Department of Health Services Research, CAPHRI Care and Public Health Research Institute, Faculty of Health Medicine and Life Sciences, Maastricht University, Maastricht, The Netherlands.
The Living Lab in Ageing & Long-Term Care, Maastricht, The Netherlands.
J Am Med Inform Assoc. 2023 Feb 16;30(3):411-417. doi: 10.1093/jamia/ocac241.
In long-term care (LTC) for older adults, interviews are used to collect client perspectives that are often recorded and transcribed verbatim, which is a time-consuming, tedious task. Automatic speech recognition (ASR) could provide a solution; however, current ASR systems are not effective for certain demographic groups. This study aims to show how data from specific groups, such as older adults or people with accents, can be used to develop an effective ASR.
An initial ASR model was developed using the Mozilla Common Voice dataset. Audio and transcript data (34 h) from interviews with residents, family, and care professionals on quality of care were used. Interview data were continuously processed to reduce the word error rate (WER).
Due to background noise and mispronunciations, an initial ASR model had a WER of 48.3% on interview data.

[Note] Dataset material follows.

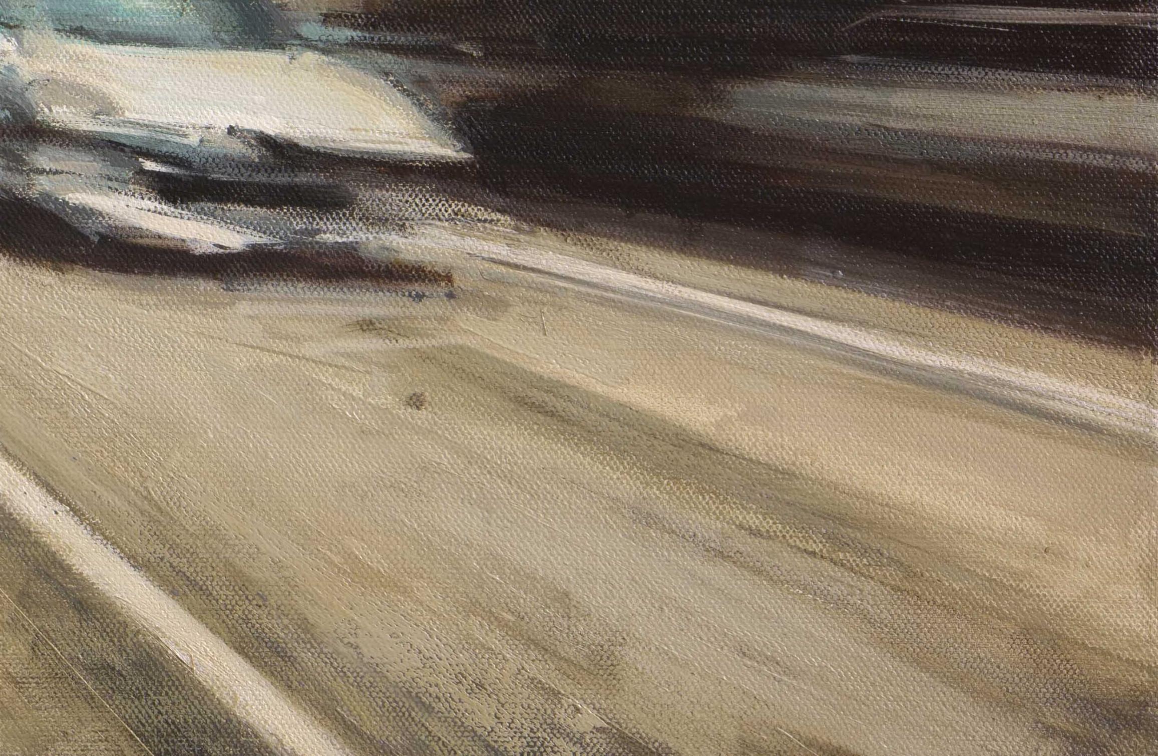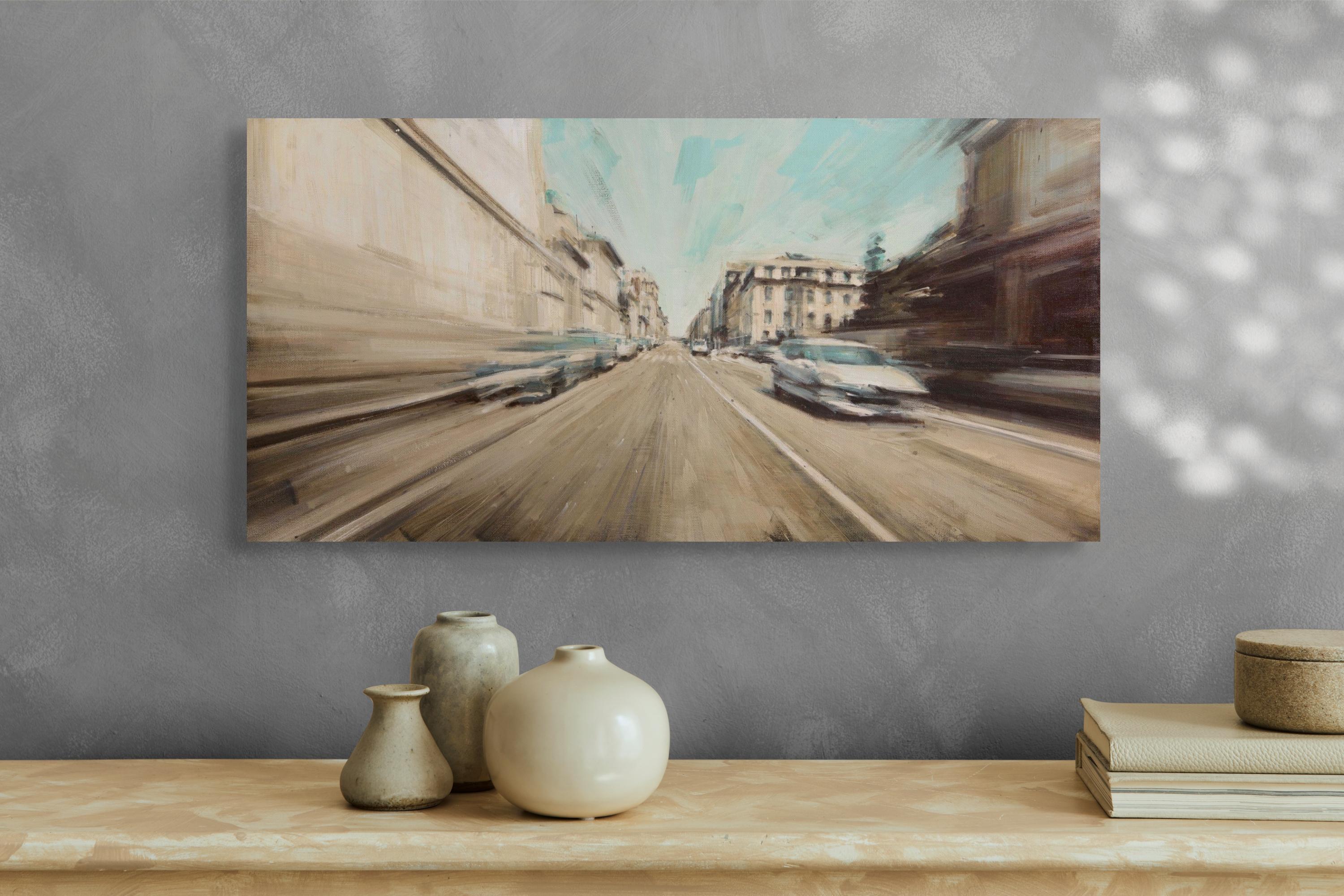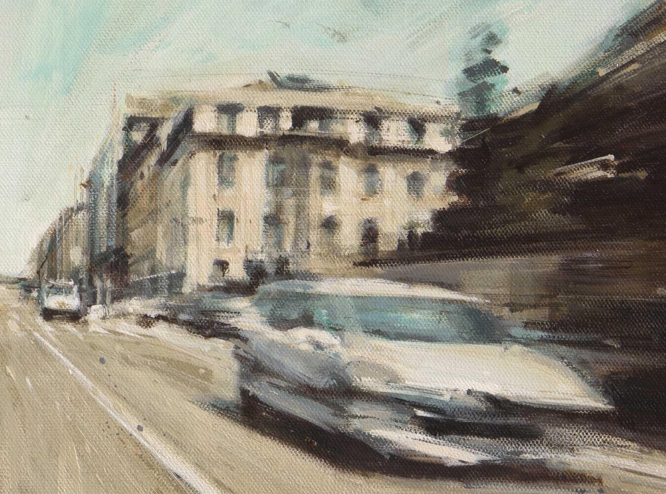 "Zip Zoom Zoey" (2022) de Mikael Olson, pintura impresionista al óleo de paisajes urbanos
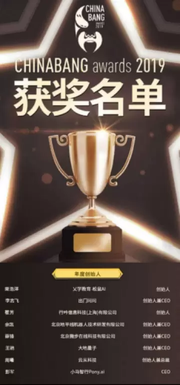 近日,由动点科技TechNode发起的ChinaBang Awards年度评选正式揭晓。本次年度创始人的选拔标准为:领导公司显著成长、商业指标明显提升或有重大突破(技术、体量、融资)。经过十位专业评委和上万名大众评委的联合投票评选,松鼠AI创始人栗浩洋从近千家报名企业中脱颖而出,成为ChinaBang Awards评选出的8位年度创始人之一。一同获奖的还有小红书创始人瞿芳、地平线机器人创始人余凯,小马智行CEO彭军等人。历届获奖的人有蔚来汽车李斌 、搜狗王小川等。

After finetuning using interview data, the average WER was reduced to 24.3%. When tested on speech data from the interviews, a median WER of 22.1% was achieved, with residents displaying the highest WER (22.7%). The resulting ASR model was at least 6 times faster than manual transcription.
The current method decreased the WER substantially, verifying its efficacy. Moreover, using local transcription of audio can be beneficial to the privacy of participants.
The current study shows that interview data from LTC for older adults can be effectively used to improve an ASR model. While the model output does still contain some errors, researchers reported that it saved much time during transcription.
在老年人长期护理(LTC)中,访谈用于收集客户观点,这些观点通常会被逐字记录和转录,这是一项耗时且乏味的任务。自动语音识别(ASR)可以提供一种解决方案;然而,当前的 ASR 系统对于某些人群并不有效。本研究旨在展示如何使用特定群体的数据,例如老年人或带有口音的人,来开发有效的 ASR。
使用 Mozilla Common Voice 数据集开发了初始 ASR 模型。使用居民、家庭和护理专业人员对护理质量的访谈的音频和转录数据(34 小时)。访谈数据不断进行处理以降低字错误率(WER)。
由于背景噪音和发音错误,初始 ASR 模型在访谈数据上的 WER 为 48.3%。使用访谈数据进行微调后,平均 WER 降低到 24.3%。在测试访谈中的语音数据时,实现了中位数 WER 为 22.1%,其中居民的 WER 最高(22.7%)。由此产生的 ASR 模型的速度至少比手动转录快 6 倍。
目前的方法大大降低了 WER,验证了其有效性。此外,使用本地音频转录对于参与者的隐私也可能是有益的。
目前的研究表明,老年人长期护理中的访谈数据可以有效地用于改进 ASR 模型。虽然模型输出仍然包含一些错误,但研究人员报告说它在转录过程中节省了大量时间。